— Work request —
Set down every record below exactly as it stands, with the pictures omitted.

== Information shown

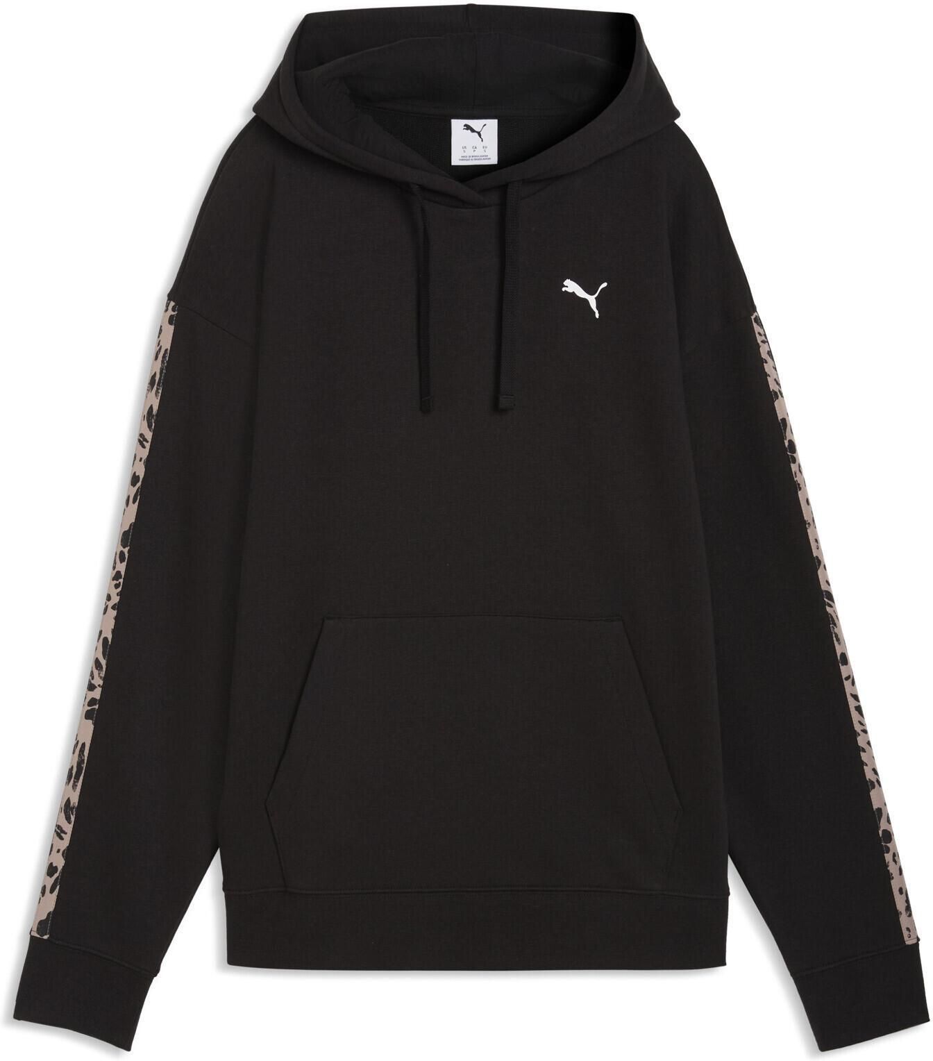 Bluza damska Puma z kolekcji Essentials Graphic to idealne połączenie codziennego komfortu i miejskiego stylu. Zaprojektowana z myślą o swobodnych dniach, świetnie sprawdzi się zarówno podczas relaksu, jak i aktywności na mieście. Jej luźny krój zapewnia wygodę noszenia, dzięki czemu możesz nosić ją solo lub jako dodatkową warstwę w chłodniejsze dni. Model został wykończony elastycznymi ściągaczami przy mankietach i u dołu, co pomaga utrzymać ciepło i poprawia dopasowanie. Regulowany kaptur stanowi dodatkową ochronę przed wiatrem, a praktyczna kieszeń z przodu pozwala ogrzać dłonie lub przechować najpotrzebniejsze drobiazgi. Miękka, przyjemna w dotyku tkanina wspiera komfort termiczny, jednocześnie umożliwiając skórze oddychanie. Niewielkie logo podkreśla sportowy charakter bluzy, lampasy ze zwierzęcym motywem nadają jej nowoczesnego wyglądu, który z łatwością dopasujesz do jeansów, legginsów czy joggerów. To uniwersalny element garderoby dla kobiet, które cenią wygodę, funkcjonalność i styl w każdej sytuacji. Dane techniczne:· Materiał główny: 68% bawełna, 32% poliester· Ściągacze: 97% bawełna, 3% elastan· Podszewka kaptura: 100% bawełna
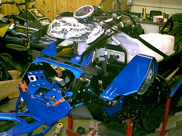 Tomorrow it is going to be putting the front plastic on, the rear skid in the sled, the Snow Eliminators riveted in place, the Van Amburg edges bolted in place the rear bumper and rack put in place.
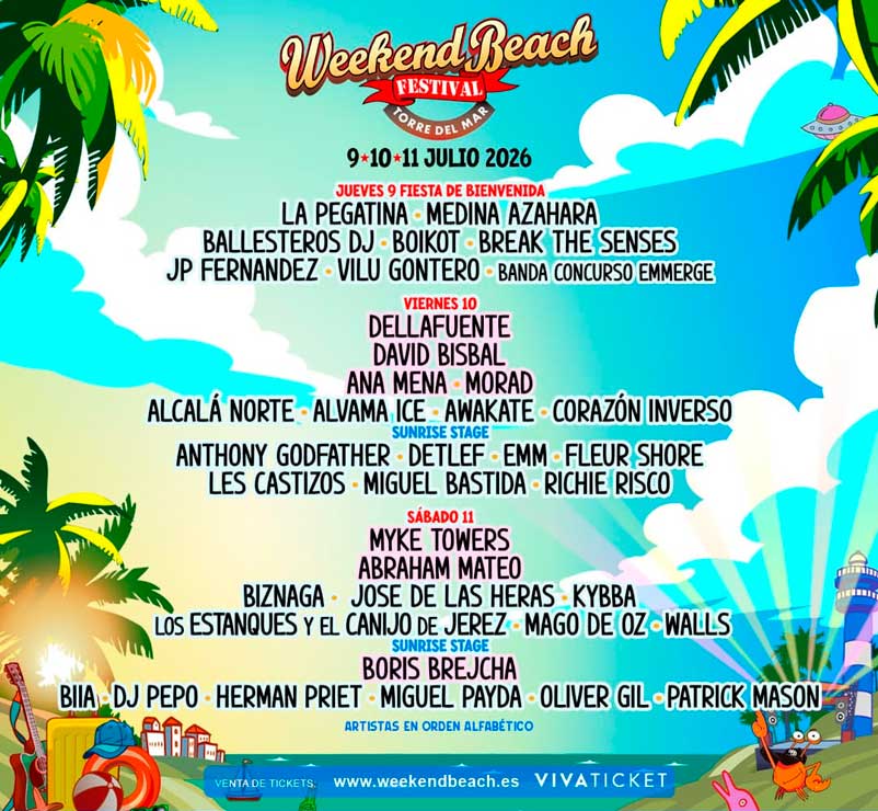Weekend Beach Festival InformaciónNoticiasFotos Fotografía del Weekend Beach Festival. Foto 19 de 19AmpliarSiguiente >> Cartel por días edición 2026
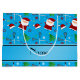 Modern and trendy sports lacrosse pattern with lacrosse sticks, snow, cute santa claus, santa hats, white red snowflakes, green red and yellow stars, green christmas trees with sky blue background and with sky blue black stripe personalised with just add your name gifts or monogram gifts or your initials for a unique gift. Sports gift ideas for men and boys and girls. Ideal for christmas presents.
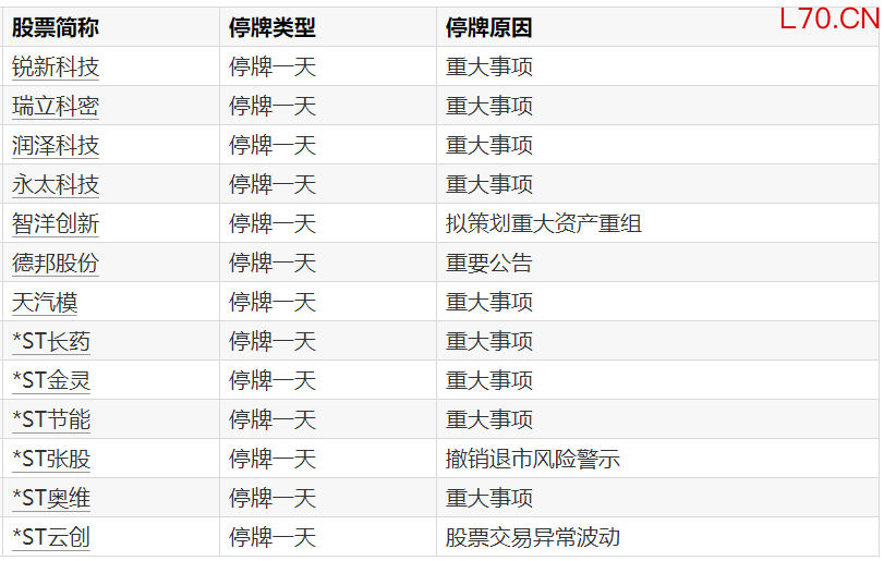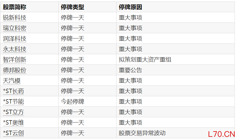 A股停牌提示:12股今日停牌题材轮动

====

— Result of this exercise —
 Bluza damska Puma z kolekcji Essentials Graphic to idealne połączenie codziennego komfortu i miejskiego stylu. Zaprojektowana z myślą o swobodnych dniach, świetnie sprawdzi się zarówno podczas relaksu, jak i aktywności na mieście. Jej luźny krój zapewnia wygodę noszenia, dzięki czemu możesz nosić ją solo lub jako dodatkową warstwę w chłodniejsze dni. Model został wykończony elastycznymi ściągaczami przy mankietach i u dołu, co pomaga utrzymać ciepło i poprawia dopasowanie. Regulowany kaptur stanowi dodatkową ochronę przed wiatrem, a praktyczna kieszeń z przodu pozwala ogrzać dłonie lub przechować najpotrzebniejsze drobiazgi. Miękka, przyjemna w dotyku tkanina wspiera komfort termiczny, jednocześnie umożliwiając skórze oddychanie. Niewielkie logo podkreśla sportowy charakter bluzy, lampasy ze zwierzęcym motywem nadają jej nowoczesnego wyglądu, który z łatwością dopasujesz do jeansów, legginsów czy joggerów. To uniwersalny element garderoby dla kobiet, które cenią wygodę, funkcjonalność i styl w każdej sytuacji. Dane techniczne:· Materiał główny: 68% bawełna, 32% poliester· Ściągacze: 97% bawełna, 3% elastan· Podszewka kaptura: 100% bawełna
 Tomorrow it is going to be putting the front plastic on, the rear skid in the sled, the Snow Eliminators riveted in place, the Van Amburg edges bolted in place the rear bumper and rack put in place.
Weekend Beach Festival InformaciónNoticiasFotos Fotografía del Weekend Beach Festival. Foto 19 de 19AmpliarSiguiente >> Cartel por días edición 2026
 Modern and trendy sports lacrosse pattern with lacrosse sticks, snow, cute santa claus, santa hats, white red snowflakes, green red and yellow stars, green christmas trees with sky blue background and with sky blue black stripe personalised with just add your name gifts or monogram gifts or your initials for a unique gift. Sports gift ideas for men and boys and girls. Ideal for christmas presents.
 A股停牌提示:12股今日停牌题材轮动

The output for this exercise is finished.